Population pharmacokinetic analysis of sorafenib in patients with solid tumours


Dr William D. Figg Pharm D, Medical Oncology Branch, CCR, NCI/NIH, 9000 Rockville Pike, Building 10, Room 5A01, Bethesda, Maryland 20892, USA.
Tel.: +1 301 402 3622
Fax: +1 301 402 8606
E-mail: wdfigg@helix.nih.gov



• Sorafenib is a multikinase inhibitor with activity against B-raf, C-raf, VEGFR2, PDGFRβ and FGFR1.

• Sorafenib is clinically approved for the treatment of renal cell carcinoma (RCC) and hepatocellular carcinoma (HCC).

• The pharmacokinetics (PK) of sorafenib are highly variable between subjects.

• Sorafenib exposure increases less than dose proportionally (likely due to limited solubility).

• Sorafenib undergoes enterohepatic recycling (EHC).
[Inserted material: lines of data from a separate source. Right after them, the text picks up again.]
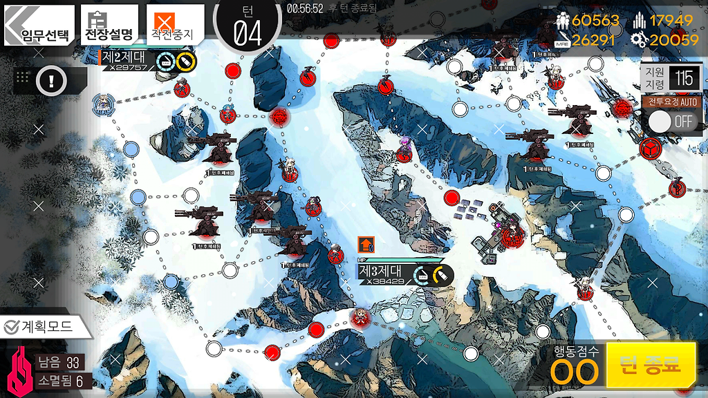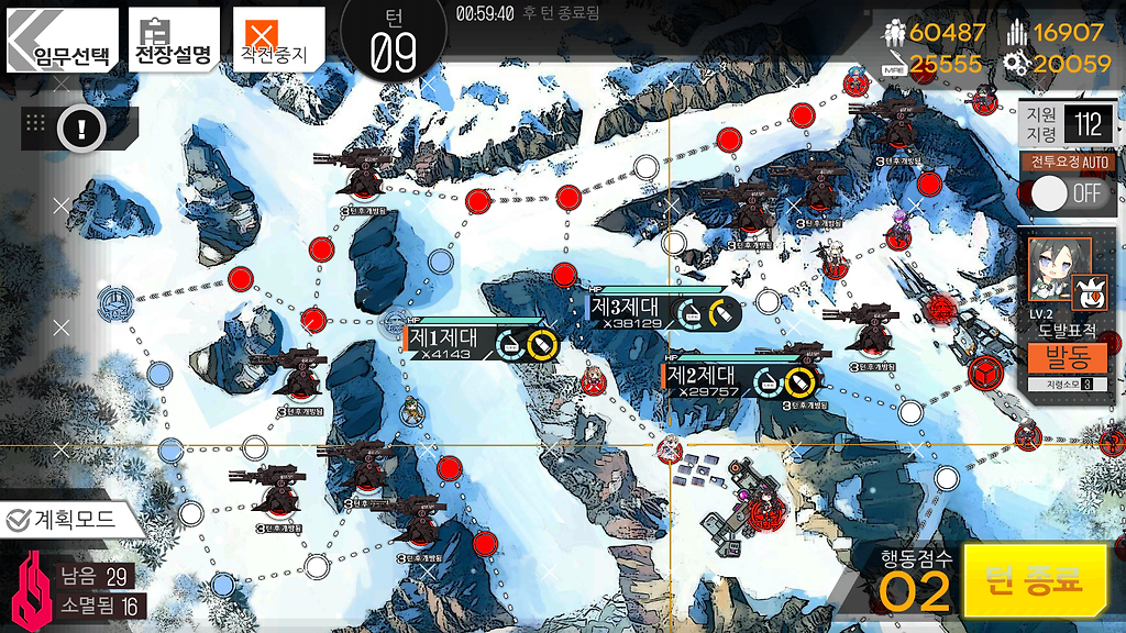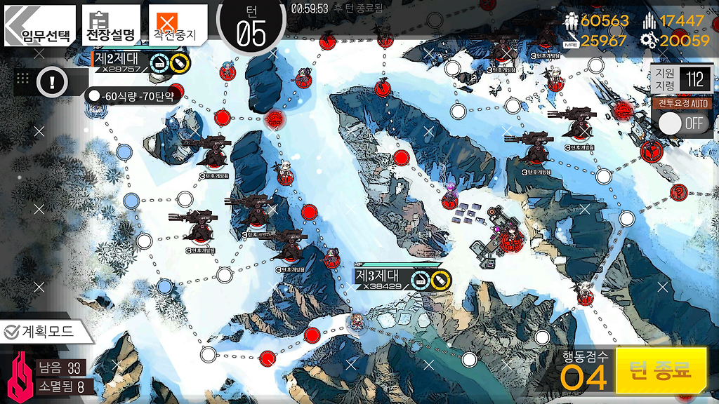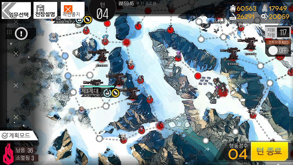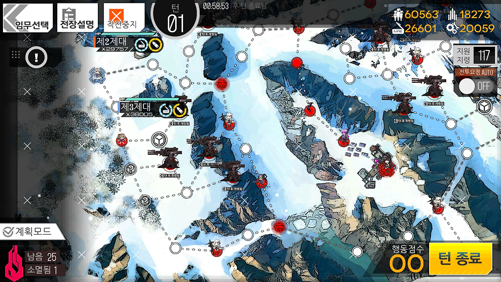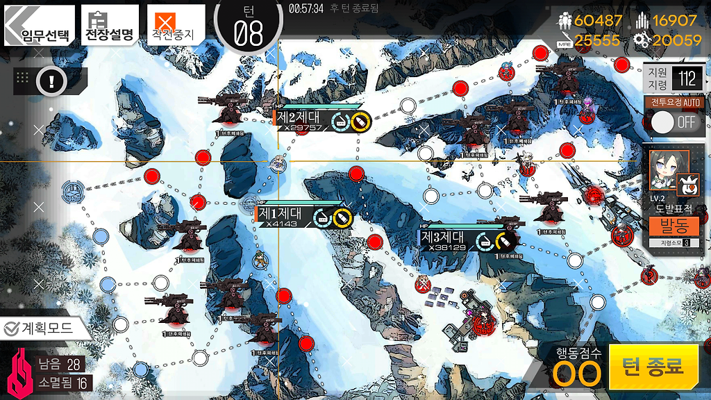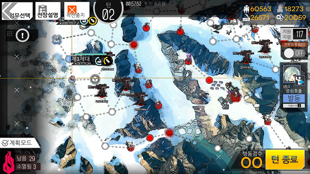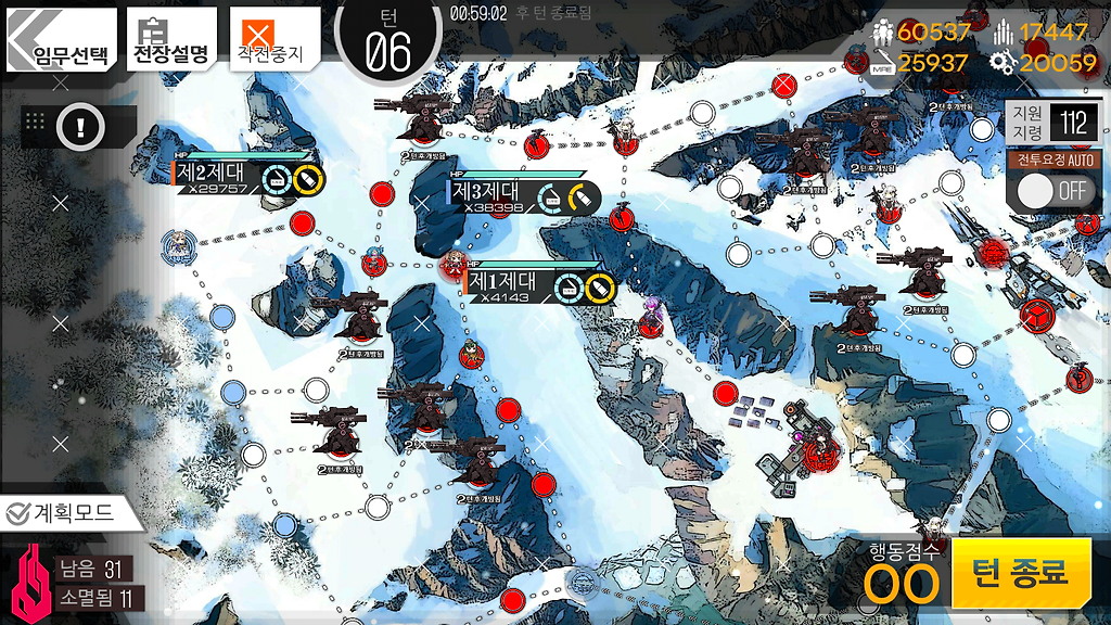 저도 여기선 동쪽 헬리포트가 먹힌관계로 4턴이 나왔는데 만약 5턴이 가능하시다해도 더 이상 뭔가를 하지 않고 턴종료를 하시는걸 추천드립니다.
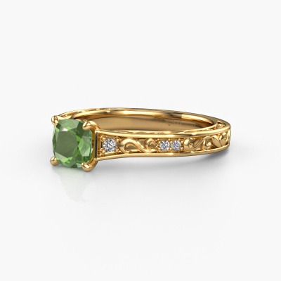 Der oben gezeigte Ring wird Mallory cus genannt. Es ist ein Pavé Solitär Ring, da er einen zentralen Edelstein und ein Band mit Pavé-Fassung hat. Dieser 14 Karat Gold ring ist mit einem 5.5 mm cussion Turmalin grün-Mittelstein besetzt und das Band hat eine Pavé-Fassung mit Diamanten. Jedes Schmuckstück wird von unseren Meister-Goldschmieden in unserem eigenen Studio für Sie gefertigt.Dieser Keltische Gold Pavé Solitär Verlobungsring mit Pavé-Fassung hat einen exquisiten, cussion Turmalin grün als Mittelstein. Um den zentralen Stein noch mehr zu betonen, hat das Band eine Pavé-Fassung mit weiteren Diamanten. Durch die offenen Krappen kann das Licht aus mehreren Winkeln auf den Turmalin grün treffen und der Turmalin grün-Ring funkelt noch mehr. Das obere Foto zeigt die leidenschaftlich handgefertigten Details des Rings. Die hohe Positionierung der Mittelstein ist ein echter Blickfang. Der perfekte Verlobungsring für das Kronjuwel Ihres Lebens!Mit unserer modernen Technik können wir Schmuckstücke von höchster Qualität mit größter Sorgfalt für Sie entwerfen und anpassen. Unsere Verlobungsringe sind immer um 30 Prozent günstiger als bei anderen Juwelieren. Wir fertigen Verlobungsringe auf Bestellung, also müssen wir keine großen Lager unterhalten. Wenn Sie ein bestimmtes Budget haben, beraten wir Sie gerne entsprechend.Verschiedene Arten von neuen Ringen werden täglich von unserem Team angefertigt. Vielleicht haben Sie irgendwo einen Pavé Solitär Verlobungsring gefunden. Einen, den Sie Ihrem Liebsten schenken möchten. Bitte zögern Sie nicht, unseren Schmuckdesignern Ihre Gedanken und Ihr Design zu zeigen. Wir würden gerne Ihr Design in einen Keltische Verlobungsring verwandeln. Sie können die Entwicklungen Ihres Ringdesigns verfolgen, da wir sehr detaillierte 3D-Zeichnungen verwenden. Darüber hinaus können Sie einen Dummy des Designs bestellen. Ein Dummy ist ein Kunststoffring, der nach Ihrem Ringdesign gestaltet werden kann. Sie können ihn anprobieren und prüfen, ob der Verlobungsring Ihren Vorstellungen entspricht. Wir senden Ihnen gerne ein unverbindliches Angebot zu einem fairen Preis/Leistungsverhältnis. Das Angebot wird Sie angesichts der Qualität des Rings und der Edelsteine verblüffen.Um es einfacher zu machen, bieten wir eine kostenlose 30-tägige Rücksendung.
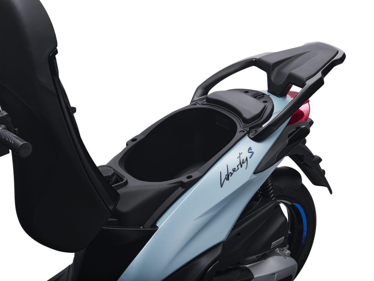 Liberty S 2025 membawa semangat baru dari generasi sebelumnya dengan tampilan yang lebih berani dan sporty. Tersedia dalam dua pilihan warna eksklusif, Grey (Grigio Materia) dan Blue (Blu Ardesia), skuter ini menonjolkan nuansa modern khas Italia. Tampilan depannya kini semakin tegas berkat lampu LED horizontal serta gril bermotif honeycomb yang terinspirasi dari lini premium Piaggio.
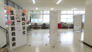 校舎内のピロティでは人権について調べたポスターの
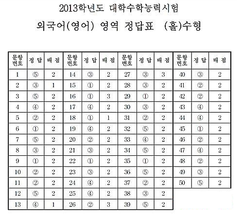 8일 2013학년도 대학수학능력시험이 치러지고 있는 가운데 한국교육과정평가원 홈페이지에 외국어영역 '홀수형' 정답지가 공개됐다.
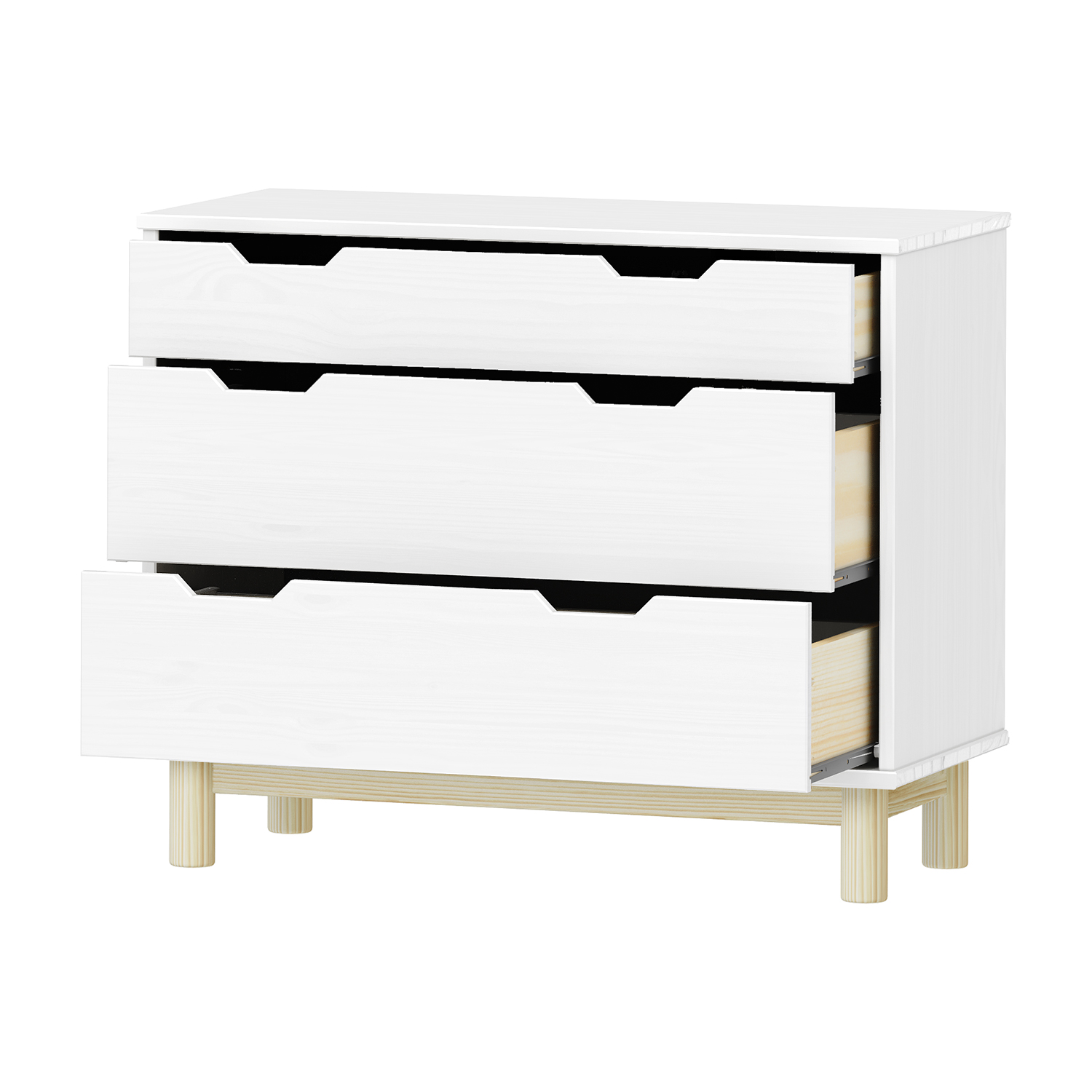 Produktcode: 324261VMaterial massives Kiefernholz, lackierte Oberfläche1 kleinere und 2 größere Schubladen mit Metallschienen
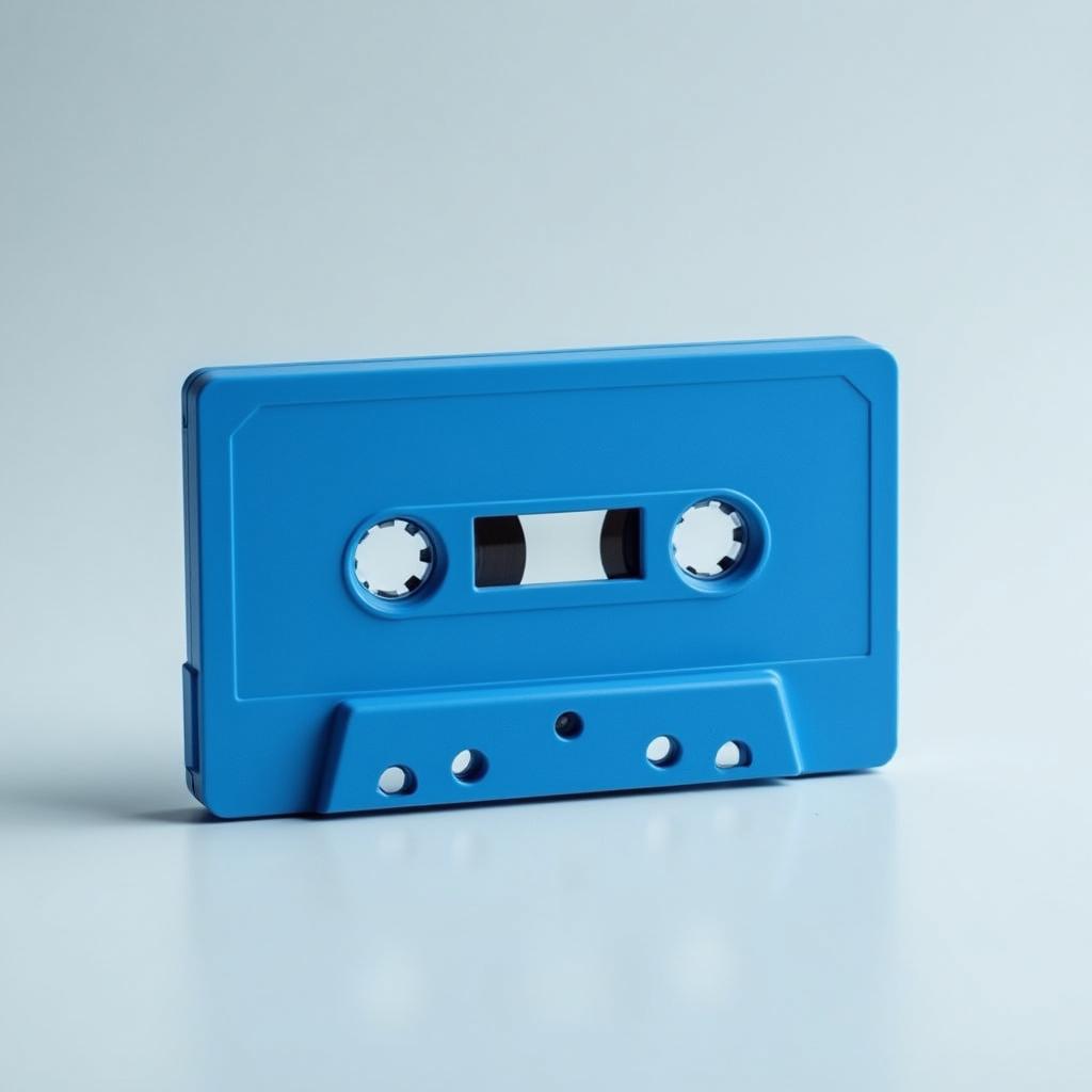Матрешка с бело-красно-синим русским узором гжель. На животе пустое место под логотип. Она лежит на белом фоне. Вид сверху
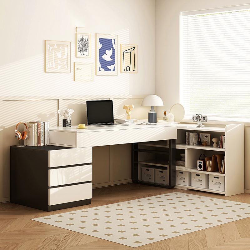 Scrivania a L con Cassettiera di Dimensioni Personalizzabili per Appartamenti Piccoli, Tavolo da Studio con Sedia per Camera da Letto e Soggiorno per Ragazze
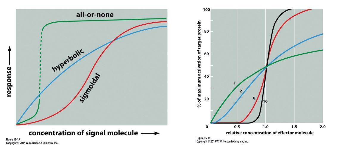 sigmoidal: signaling system reduces response at low signal conc and produces a steepr response at an intermediation conc
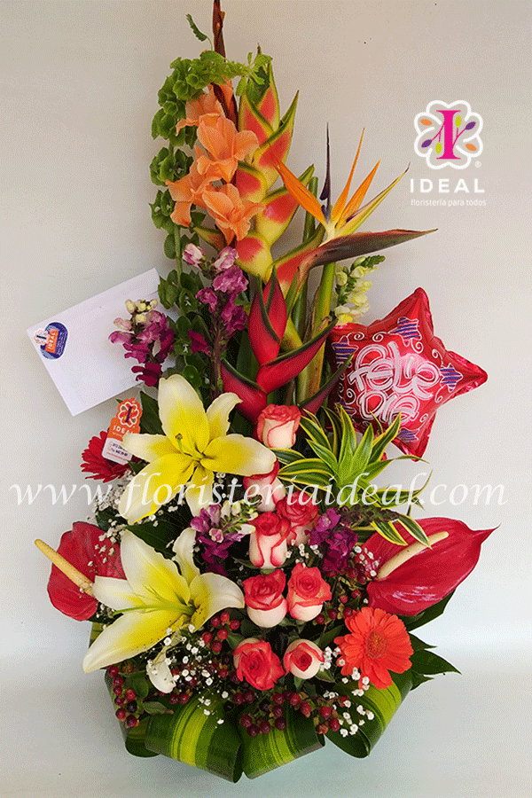 Bello arreglo floral elaborado con flores surtidas y lindos follajes verdes esta acompañado de tarjeta para la ocasión.
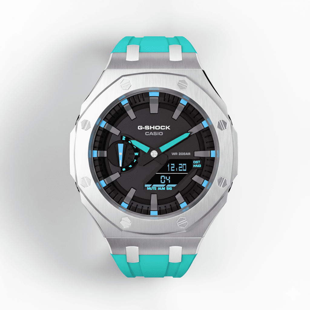 • Casioak Mod Metal Watch - Modded Casio G-Shock GA-2100 Turquoise Aqua Blue Strap
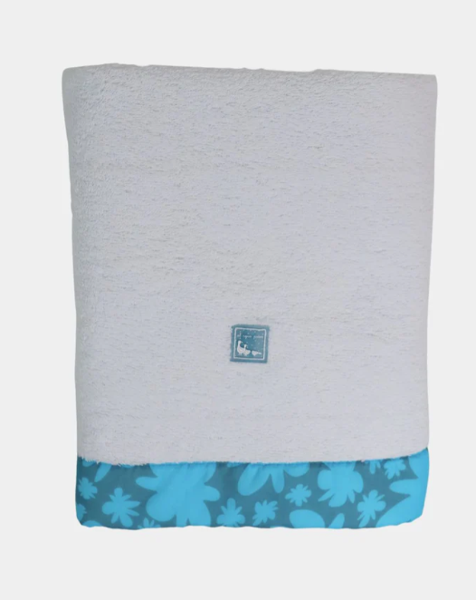 Asciugamano in spugna di cotone 100% con stampa Hibiscus. Il ricamo è realizzato a mano con lo stesso tessuto del resto dell'asciugamano, garantendo anche questa parte molto morbida e una perfetta asciugatura. Dimensioni: 130 x 75 cm.
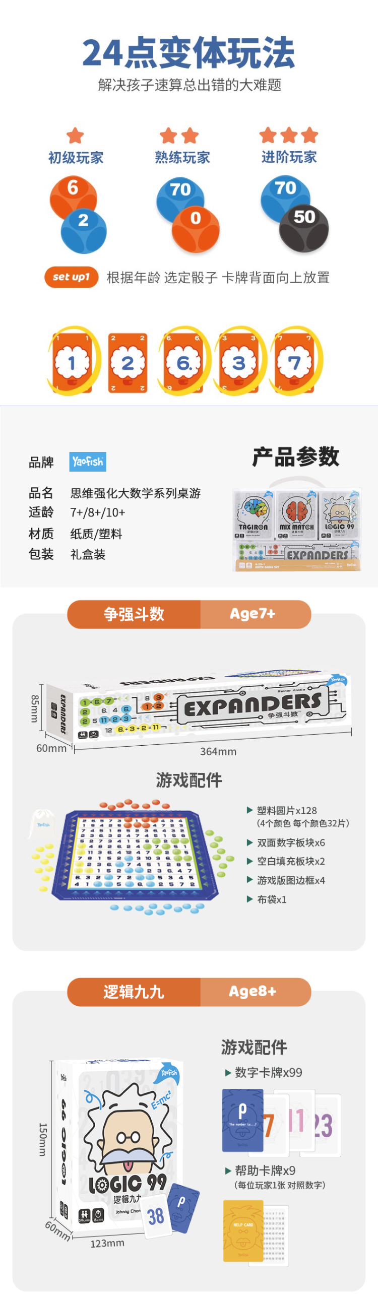 【学而思严选】7岁+ yaofish大数学益智玩具-争强斗数+逻辑99+速算大师PY
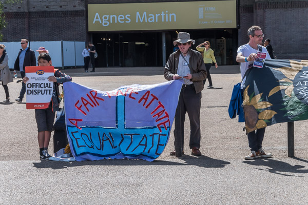 Protesters hold the Equalitate and National Gallery no privatisation banners on the riverside walk
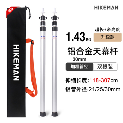 户外铝合金天幕杆帐篷门厅支撑杆铝杆超长3M伸缩营柱支架加粗两根
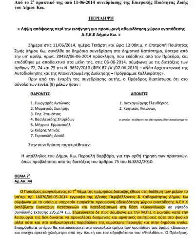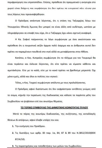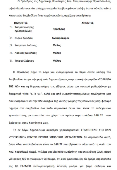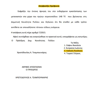 α) απόφαση στου κοινοτικού μας συμβουλίου στην οποία φαίνεται ξεκάθαρα το Όχι της παράταξής μας για εγκατάσταση κέντρου μεταναστών στο Πυλί.
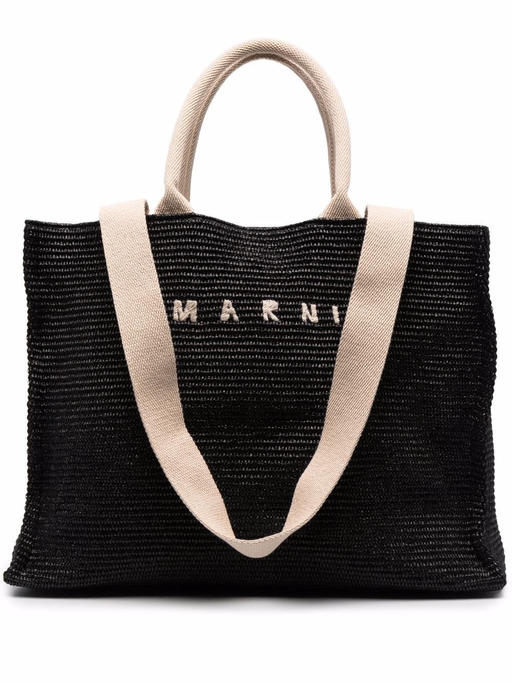 logo-embroidered raffia tote bag Highlights - Black/ beige - Cotton/ bovine leather - Embroidered logo to the front - Two rounded top handles - Internal zip pocket - Single shoulder strap Made in Italy Composition Outer: Brass 100%, Bovine Leather (top grain) 100%, Cotton 52%, Polyamide 48% SIZE & FIT Model measurements Height 5 ft 10 in(1.79 m) Bust/Chest 33.07 in(84 cm) Hips 35.82 in(91 cm) Waist 24.01 in(61 cm) Measurement DEPTH 7.87 in(20 cm) HANDLE 7.08 in(18 cm) HEIGHT 12.59 in(32 cm) STRAP 13.38 in(34 cm) WIDTH 17.71 in(45 cm)
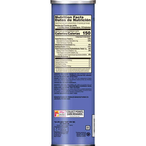 Skład: Suszone ziemniaki, olej roślinny (kukurydza, nasiona bawełny, sojowy o wysokiej zawartości kwasu oleinowego i / lub olej słonecznikowy), kiełkowana żółta mąka kukurydziana, skrobia kukurydziana, mąka ryżowa, maltodekstryna, mono- i diglicerydy. Zawierają 2% lub mniej soli, czosnku, serwatki, kwas cytrynowy, glutaminian sodu, cukier, cebula, parmezan (mleko półtłuste, kultury serowe, sól, enzymy), przyprawy, naturalne aromaty, skrobia pszenna.
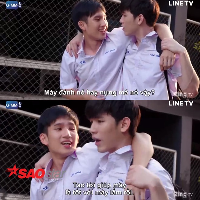 Cặp đôi Kao và Pit đã “phải” hôn nhau rất nhiều lần. Dưới góc nhìn của hủ nữ, đôi trẻ còn hôn mãnh liệt hơn, trực diện hơn và quyết liệt hơn trên phim. Và chẳng biết Pit đã “mạnh mẽ” đến mức nào mà Kao còn bị rách cả quần…
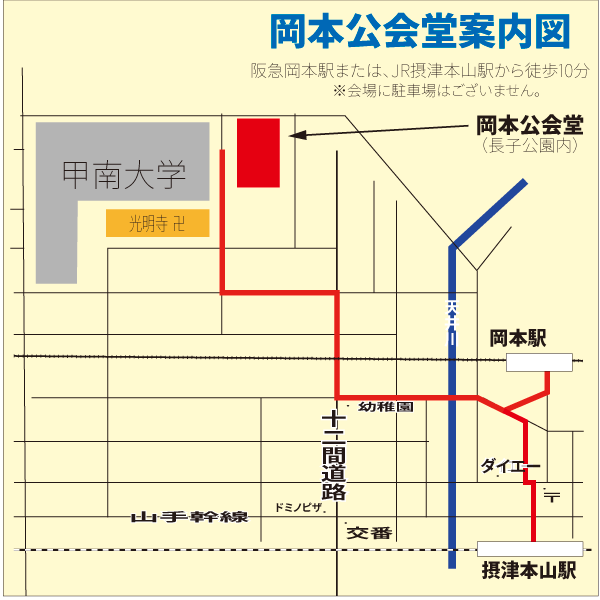 会場には駐車場がないので、阪急岡本駅・JR摂津本山駅から徒歩でお越しください

• This is the first study to characterize the PK of sorafenib using a model based on sorafenib's known disposition characteristics such as delayed/solubility-limited GI absorption and EHC. The parameterization of the EHC model used a square wave function to describe the gall bladder emptying.

• This study evaluated the effect of baseline bodyweight, BSA, age, gender, liver function parameters, kidney function parameters and genotype with respect to CYP3A4*1B, CYP3A5*3C, UGT1A9*3 and UGT1A9*5 on sorafenib PK. No clinically important covariates were identified.

• This model can be used to simulate and explore alternative dosing regimens and to develop exposure–response relationships for sorafenib.

AIMS To characterize the pharmacokinetics (PK) of sorafenib in patients with solid tumours and to evaluate the possible effects of demographic, clinical and pharmacogenetic (CYP3A4*1B, CYP3A5*3C, UGT1A9*3 and UGT1A9*5) covariates on the disposition of sorafenib.

METHODS PK were assessed in 111 patients enrolled in five phase I and II clinical trials, where sorafenib 200 or 400 mg was administered twice daily as a single agent or in combination therapy. All patients were genotyped for polymorphisms in metabolic enzymes for sorafenib. Population PK analysis was performed by using nonlinear mixed effects modelling (NONMEM). The final model was validated using visual predictive checks and nonparametric bootstrap analysis.

RESULTS A one compartment model with four transit absorption compartments and enterohepatic circulation (EHC) adequately described sorafenib disposition. Baseline bodyweight was a statistically significant covariate for distributional volume, accounting for 4% of inter-individual variability (IIV). PK model parameter estimates (range) for an 80 kg patient were clearance 8.13 l h−1 (3.6–22.3 l h−1), volume 213 l (50–1000 l), mean absorption transit time 1.98 h (0.5–13 h), fraction undergoing EHC 50% and average time to gall bladder emptying 6.13 h.

CONCLUSIONS Overall, population PK analysis was consistent with known biopharmaceutical/PK characteristics of oral sorafenib. No clinically important PK covariates were identified.